The aircraft flew at an average altitude of ~ 14 km in a lawn mower pattern over the central region of deep convection (Figure 2). During this time, satellite PRN25 set beyond the horizon at ~11:40 UTC, producing an occultation on the starboard side of the aircraft. The line of sight from the aircraft to the setting GPS satellite at consecutive times is shown in Figure 2 (dotted lines), for the segment of the raypath passing through the atmosphere below the aircraft height. The tangent point is the closest point to the surface of the Earth along the raypath (Figures 1 and 2). The highest tangent point of the occultation is located at the aircraft position and drifts farther from the aircraft as the satellite sets, in this case drifting 327 km at the lowest point tracked. The bold line in the figure connects these tangent points at successively lower height. Since the accumulated refractive bending or delay is greatest where the atmosphere is the densest, the measurement is most sensitive to the refractivity at the tangent point, although it samples the entire path illustrated by the dotted lines. The retrieved refractivity profile is therefore not vertical but slanted along the direction of the tangent point drift. This sampling geometry can be handled in a straightforward manner in data assimilation by assigning the observation to the horizontal location of the tangent point.

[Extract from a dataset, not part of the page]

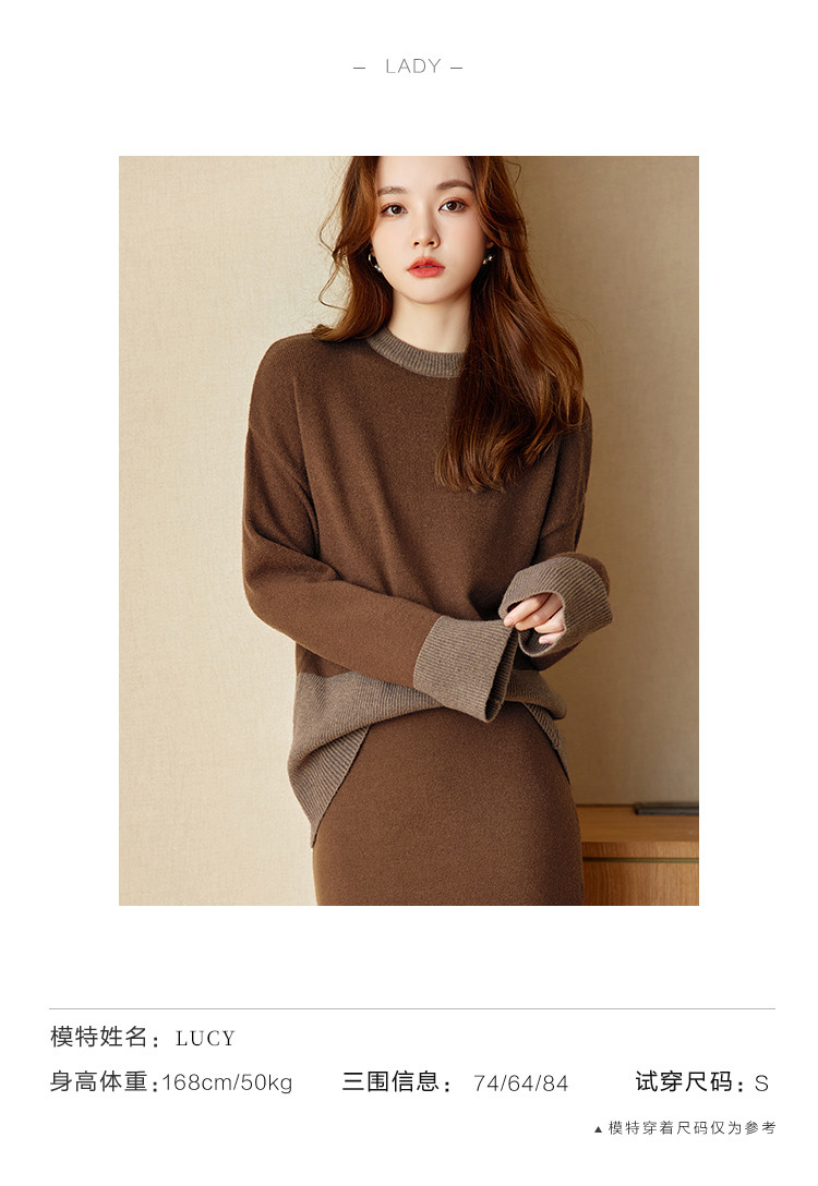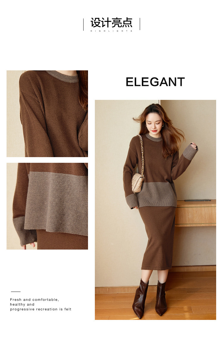【时尚撞色】2023秋冬季 松弛慵懒风经典休闲撞色针织套装女

The locations of the dropsondes released on this flight are also shown in Figure 2 (stars).

Figure 2.

Aircraft flight path for RF18 over the Caribbean Sea on 13 September 2010 (dash-dotted line), location of dropsonde released on 13 September 2010 at 13:24 UTC (large square), and other dropsondes (stars). For each occultation, the horizontal locations of the tangent points are shown (thin black lines), starting from the highest tangent point adjacent to the flight path and ending at the lowest tangent point furthest from the aircraft. The occultation of PRN25, is shown as a bold black line; for this event, the line of sight from the aircraft to the setting GPS satellite at consecutive times is shown with dotted lines (defined in the text). The hurricane symbol indicates the center of the tropical disturbance at 12:00 UTC before it developed into Hurricane Karl.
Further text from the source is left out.